どうやら電脳と端末を同期させていたらしい。所長は画面を見ずとも分かるとでもいうように力任せにポケットに端末を押し込み、少々ぎこちなく間を置いてばっと俺を見上げた。


「いや!君には関係のない事だから気にしないでくれ、こっちの所用で…」

「所用?」

「ああ、そうだ所用!……いや、そういえばターナー君、」


所長の目がぎらりと油っぽく光った。がっちりと視線がかみ合う。

嫌な予感というより嫌な諦めを感じて俺は脱力した。胃の底が重く澱むようなどんよりとした諦観だった。


「そうだ、確かその目は」

「…はい、軍で規定されたクオリティの品番をそのまま使わせてもらっています」

「それは良い!」


何も良い事なんてないぞ。

思わず吐き捨てるところだったが全てを飲み込んで俺は所長を促した。

ぶるぶると震える手でダンクル氏は端末を引っ張り出し、すぐさま取り落とす。

俺の『目』は乱暴に振り落とされた端末を正確に追いかけた。


「早速だがその目で窓の外を調べてきてくれ。少々厄介な男が性懲りもなく忍びこんだようでな、君の安否にも関わるかもしれん」


所長は餌を見つけた小鳥のようにじたばたと首を巡らせて俺にすがった。あの巨体が嘘みたいに小さく縮こまる。

性懲りもなく?誰が。いったい何をしに。

俺は所長の端末を拾い上げた。『Emergency』のロゴが毒々しく踊り、目に焼き付いた。

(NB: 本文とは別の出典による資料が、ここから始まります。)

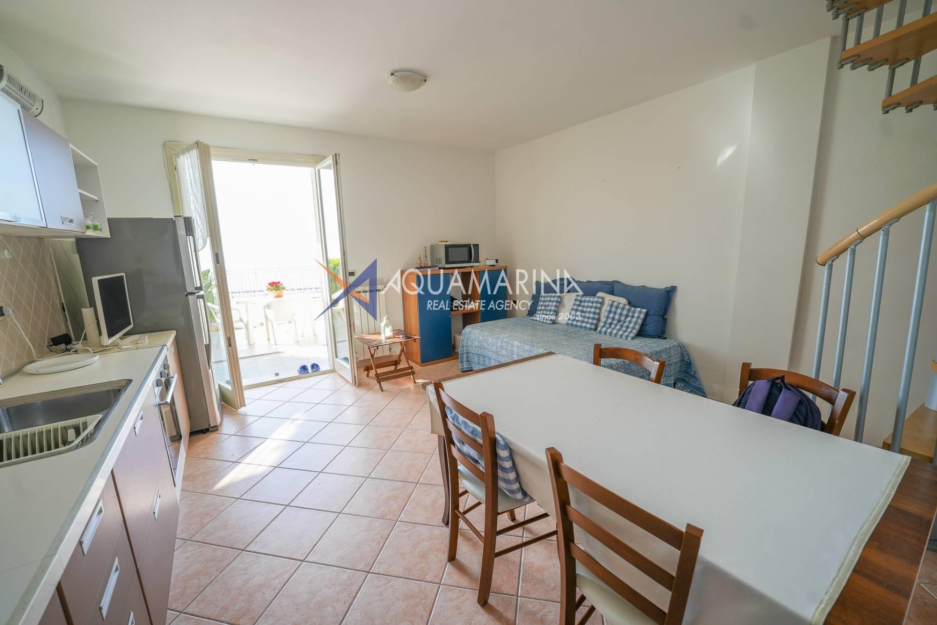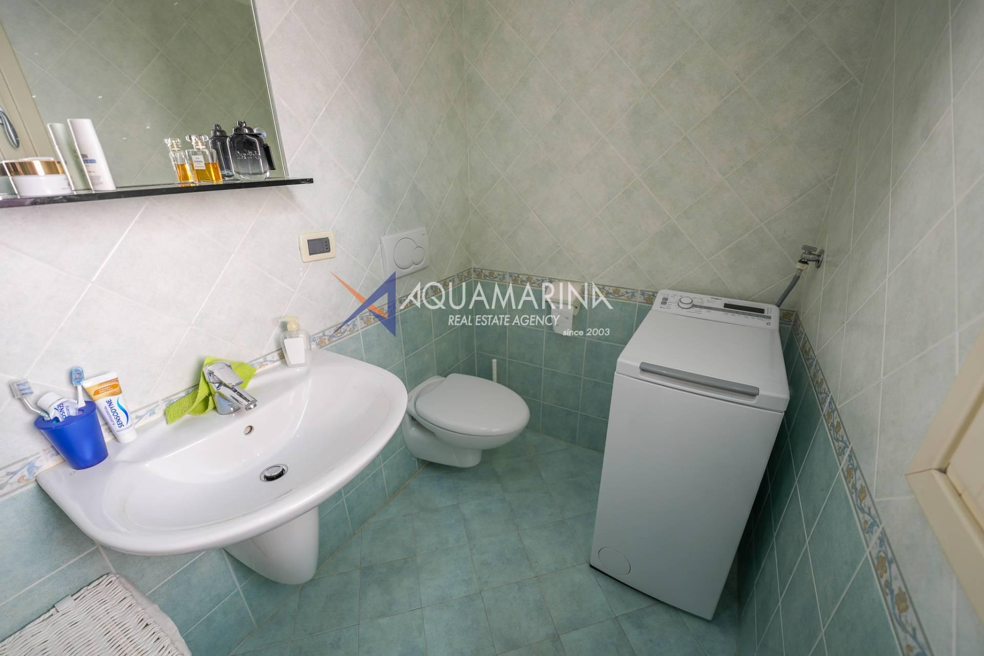 L'appartamento ha ingresso indipendente su ampia zona giorno living con cucina a vista, con accesso diretto al magnifico giardino privato che regala una vista mare da sogno.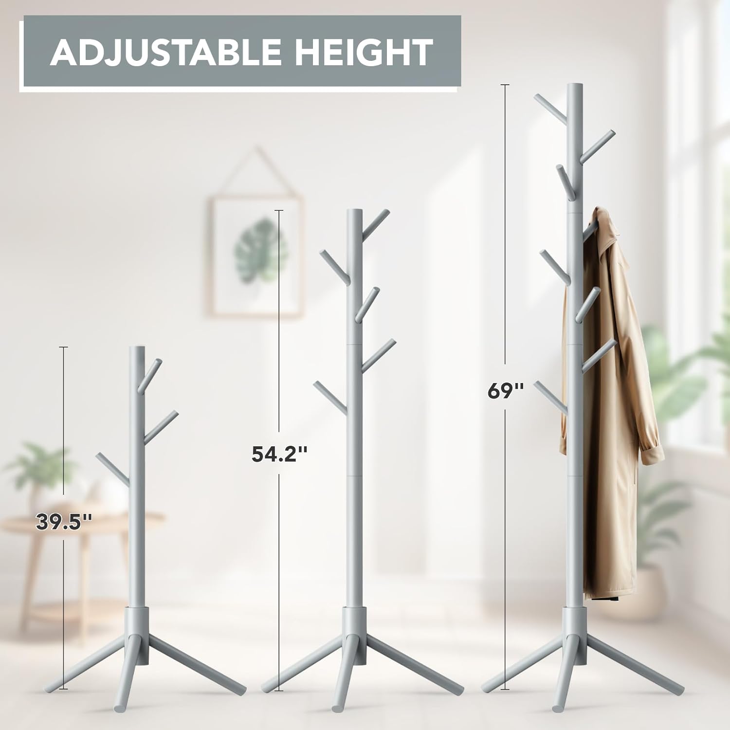 Wooden Tree Coat Rack Stand,Sturdy Freestanding Coat Rack with 8 Hooks,3 Adjustable Height for Child Adult,Wood Coat Stand Tree Fits Entryway Bedroom Office for Bags,Hats

「見える範囲だけで良いんだ。他は新式の警備システムが働いて何とかしてくれるはずだ。頼む、初仕事だと思って」


黙って端末を所長にお渡しする。緊急の用とあって端末はパスコードが無くとも開けるようだったが、ブザーに怯えいつまでも拾おうとしない所長の前であっても迂闊な真似はできない。仮にも研究所のトップなのだ、この男は。


そういえば、シティに来た当初は警備員の雇用もすすめられたのだった。俺も今まで頭脳労働者というより体力勝負で人生を切り開いてきたので、先方の言わんとしている事は分かった。しかし妹を苦しめる病に真っ向勝負を挑む為には研究員が打倒じゃないかと思っている。

正直、この『目』を機能させるのは戦場だけにしたいと何度思ったかは分からない。それでも妹を思えばそれこそ、初仕事は治療に向けた「第一関門」のはずだ。


「見える範囲、だけに留めて視認します。わけは後で聞かせてもらえませんか」

「ああ、いくらでも話す。システムに引っかかったあいつの位置情報は本当に目の前を指しているようでな、これでは」

「急を要する、という事は分かりました。その位置情報の詳細をこちらに送ってもらえますか?」


すぐさま俺の電脳に受信申請が届いた。


「所長、これは…?」

「パスワードは入れなくてもそのまま開けば閲覧できるからな!」


パブリックな回線、つまり公に開かれており広報にも使われるようなセキュリティの甘い回線からパッケージを落とし込まれたので思わず面食らってしまう。

ウイルスなどこの場で仕込むひまはないだろうが。位置情報と相まって庭園の詳細な見取り図までぶち込まれおり、あまりのずさんさに軽く眩暈がした。


「ターナー!」


所長はなりふり構わず新入所員をせっつく。ブザー音も未だ鳴り止まない。俺はドーム状のガラス壁を覆う桜達に挑んだ。


『異常ナシ』

『異常ナシ』

『異常ナシ』

『異常ナシ』


次々と花の一片が『目』に分析され弾かれ、網膜でめまぐるしく青いサインが明滅した。桜に罪はない。異常なんて物もない。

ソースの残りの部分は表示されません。